You are viewing a plain text version of this content. The canonical link for it is here.

Posted to dev@httpd.apache.org by Pål Baltzersen <pa...@imap.ost.eltele.no> on 2001/12/10 15:20:53 UTC

REMOTE_GROUP patch

Apache sets the env REMOTE_USER which is nice, but in several CGI applications I
missed the ability to know which group the user authenticated as, without having
to parse the group-file. So I made this little patch that sets the env
REMOTE_GROUP to the group (first match) a user was authenticated with. I think
the performance penalty is microscopic.

-- 
Regards
Tele Danmark InterNordia
Pål Baltzersen
Seniorkonsulent, Cand. Scient.
********************************************************************
Addr:	Fredrik Selmers vei 2, P.O. Box 6299 Etterstad, NO-0603 Oslo
Phone:	+47 23 18 10 00		Direct:	+47 23 18 11 74
Fax:	+47 23 18 10 01		Mobile:	+47 93 08 11 74
Mail:	pb@teledanmark.no	pal.baltzersen@teledanmark.no
Web:	www.teledanmark.no
********************************************************************
ElTele Øst endrer profil til Tele Danmark InterNordia

RE: REMOTE_GROUP patch

Posted by Joshua Slive <jo...@slive.ca>.

> From: Rodent of Unusual Size [mailto:Ken.Coar@Golux.Com]

>
> Pål Baltzersen wrote:
> >
> > So I made this little patch that sets the env REMOTE_GROUP to
> > the group (first match) a user was authenticated with. I think
> > the performance penalty is microscopic.
>
> There are some problems with this patch:

> 2. It only touches some of the files involved; it should also
>    hit suexec.c and mod_setenvif.c at a minimum.

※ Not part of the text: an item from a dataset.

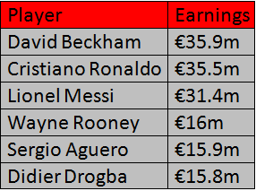 David Beckham may have retired from football but he still leads the list with €35.9 m, followed closely by Cristiano Ronaldo with €35.5 m.

Although apparently REMOTE_USER is not working in mod_setenvif either, so
adding REMOTE_GROUP would probably be pointless.

Joshua.

Re: REMOTE_GROUP patch

Posted by Rodent of Unusual Size <Ke...@Golux.Com>.

Pål Baltzersen wrote:
> 
> So I made this little patch that sets the env REMOTE_GROUP to
> the group (first match) a user was authenticated with. I think
> the performance penalty is microscopic.

There are some problems with this patch:

1. It munges the middle of the conn_rec structure, breaking
   binary compatibility across the board.
2. It only touches some of the files involved; it should also
   hit suexec.c and mod_setenvif.c at a minimum.

[The sender is not subscribed to this list.]
-- 
#ken	P-)}

Ken Coar, Sanagendamgagwedweinini  http://Golux.Com/coar/
Author, developer, opinionist      http://Apache-Server.Com/

"All right everyone!  Step away from the glowing hamburger!"